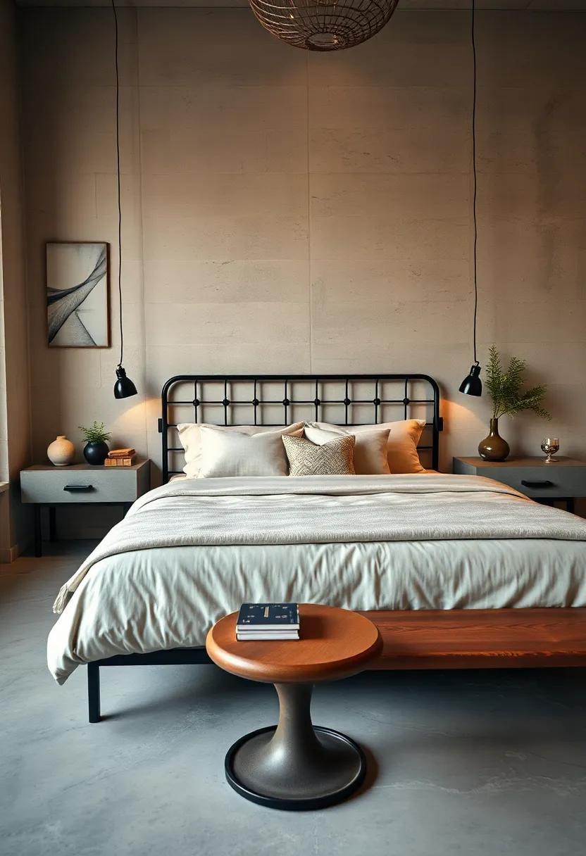 Beyond the bed, concrete nightstands can introduce a raw yet sophisticated edge to the room, showcasing the perfect marriage of rough and refined. Accentuating these surfaces with decorative objects—like brass or copper accents—can elevate the overall aesthetic while maintaining simplicity.to ensure the ambiance remains warm and inviting, ambient lighting options such as metal pendant lights or carefully placed wall sconces can dramatically change the mood. Layering different light sources not only illuminates the space beautifully but also highlights the industrial elements, reinforcing a cohesive design that stands out while feeling effortlessly serene.
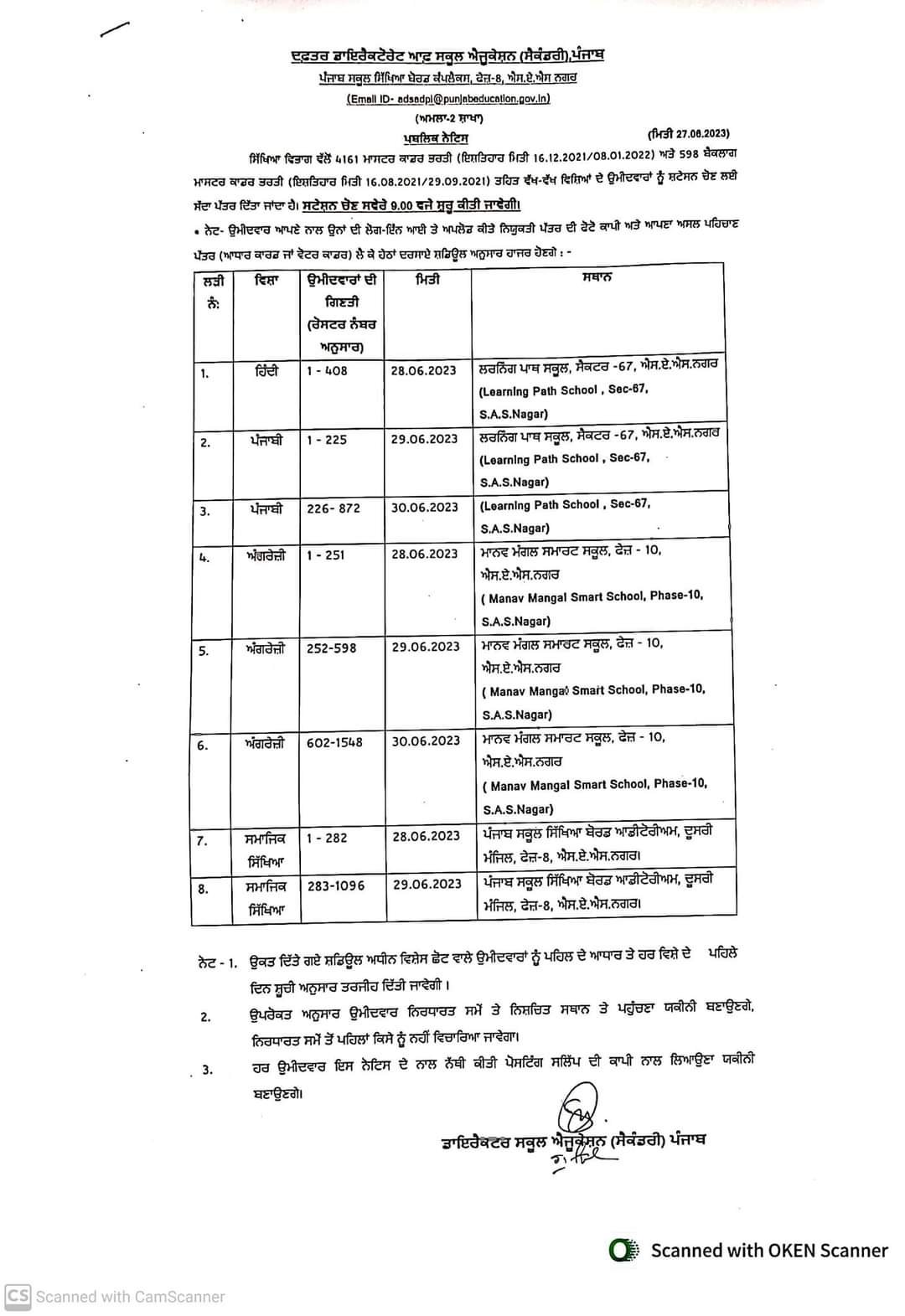 ਦਲਜੀਤ ਕੌਰ/ਚੰਡੀਗੜ੍ਹ, 27 ਜੂਨ, 2023: ਸਿੱਖਿਆ ਵਿਭਾਗ ਵੱਲੋਂ ਨਵ ਨਿਯੁਕਤ ਹੋਏ 4161 ਮਾਸਟਰ ਕਾਡਰ ਅਧਿਆਪਕਾਂ ਨੂੰ ਸਟੇਸ਼ਨ ਚੋਣ ਸਬੰਧੀ ਬੁਲਾਇਆ ਗਿਆ ਹੈ। ਸਿੱਖਿਆ ਵਿਭਾਗ ਵੱਲੋਂ 4161 ਮਾਸਟਰ ਕਾਡਰ ਭਰਤੀ (ਇਸਤਿਹਾਰ ਮਿਤੀ 16.12.2021/08.01.2012) ਅਤੇ 598 ਬੈਕਲਾਗ ਮਾਸਟਰ ਕਾਡਰ ਭਰਤੀ (ਇਸ਼ਤਿਹਾਰ ਮਿਤੀ 16.08.2021/29.09.2021) ਤਹਿਤ ਵੱਖ-ਵੱਖ ਵਿਸ਼ਿਆਂ ਦੇ ਉਮੀਦਵਾਰਾਂ ਨੂੰ ਸਟੇਸਨ ਚੋਣ ਲਈ ਸੱਦਾ ਪੱਤਰ ਦਿੱਤਾ ਗਿਆ ਹੈ। ਸਟੇਸ਼ਨ ਚੋਣ ਸਵੇਰੇ 9:00 ਵਜੇ ਸ਼ੁਰੂ ਕੀਤੀ ਜਾਵੇਗੀ। ਉਮੀਦਵਾਰ ਆਪਣੇ ਨਾਲ ਉਨਾਂ ਦੀ ਲੋਗ-ਇੰਨ ਆਈ ਤੇ ਅਪਲੋਡ ਕੀਤੇ ਨਿਯੁਕਤੀ ਪੱਤਰ ਦੀ ਫੋਟੋ ਕਾਪੀ ਅਤੇ ਆਪਣਾ ਅਸਲ ਪਹਿਚਾਣ ਪੱਤਰ (ਆਧਾਰ ਕਾਰਡ ਜਾਂ ਵੋਟਰ ਕਾਡਰ) ਲੈ ਕੇ ਵੈਬਸਾਈਟ ਤੇ ਦਰਸਾਏ ਸਡਿਊਲ ਅਨੁਸਾਰ ਹਾਜਰ ਹੋਣਗੇ।
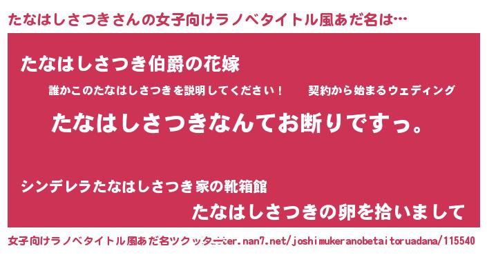 | 胡散臭い通販商品みたいなあだ名 | 『ガンによく効く高麗人参…その名も「たなはしさつき」』 |

==========

#### [Task item]
Drop the pictures and set down the data above exactly.

#### [Task answer]
 Beyond the bed, concrete nightstands can introduce a raw yet sophisticated edge to the room, showcasing the perfect marriage of rough and refined. Accentuating these surfaces with decorative objects—like brass or copper accents—can elevate the overall aesthetic while maintaining simplicity.to ensure the ambiance remains warm and inviting, ambient lighting options such as metal pendant lights or carefully placed wall sconces can dramatically change the mood. Layering different light sources not only illuminates the space beautifully but also highlights the industrial elements, reinforcing a cohesive design that stands out while feeling effortlessly serene.
 ਦਲਜੀਤ ਕੌਰ/ਚੰਡੀਗੜ੍ਹ, 27 ਜੂਨ, 2023: ਸਿੱਖਿਆ ਵਿਭਾਗ ਵੱਲੋਂ ਨਵ ਨਿਯੁਕਤ ਹੋਏ 4161 ਮਾਸਟਰ ਕਾਡਰ ਅਧਿਆਪਕਾਂ ਨੂੰ ਸਟੇਸ਼ਨ ਚੋਣ ਸਬੰਧੀ ਬੁਲਾਇਆ ਗਿਆ ਹੈ। ਸਿੱਖਿਆ ਵਿਭਾਗ ਵੱਲੋਂ 4161 ਮਾਸਟਰ ਕਾਡਰ ਭਰਤੀ (ਇਸਤਿਹਾਰ ਮਿਤੀ 16.12.2021/08.01.2012) ਅਤੇ 598 ਬੈਕਲਾਗ ਮਾਸਟਰ ਕਾਡਰ ਭਰਤੀ (ਇਸ਼ਤਿਹਾਰ ਮਿਤੀ 16.08.2021/29.09.2021) ਤਹਿਤ ਵੱਖ-ਵੱਖ ਵਿਸ਼ਿਆਂ ਦੇ ਉਮੀਦਵਾਰਾਂ ਨੂੰ ਸਟੇਸਨ ਚੋਣ ਲਈ ਸੱਦਾ ਪੱਤਰ ਦਿੱਤਾ ਗਿਆ ਹੈ। ਸਟੇਸ਼ਨ ਚੋਣ ਸਵੇਰੇ 9:00 ਵਜੇ ਸ਼ੁਰੂ ਕੀਤੀ ਜਾਵੇਗੀ। ਉਮੀਦਵਾਰ ਆਪਣੇ ਨਾਲ ਉਨਾਂ ਦੀ ਲੋਗ-ਇੰਨ ਆਈ ਤੇ ਅਪਲੋਡ ਕੀਤੇ ਨਿਯੁਕਤੀ ਪੱਤਰ ਦੀ ਫੋਟੋ ਕਾਪੀ ਅਤੇ ਆਪਣਾ ਅਸਲ ਪਹਿਚਾਣ ਪੱਤਰ (ਆਧਾਰ ਕਾਰਡ ਜਾਂ ਵੋਟਰ ਕਾਡਰ) ਲੈ ਕੇ ਵੈਬਸਾਈਟ ਤੇ ਦਰਸਾਏ ਸਡਿਊਲ ਅਨੁਸਾਰ ਹਾਜਰ ਹੋਣਗੇ।
 | 胡散臭い通販商品みたいなあだ名 | 『ガンによく効く高麗人参…その名も「たなはしさつき」』 |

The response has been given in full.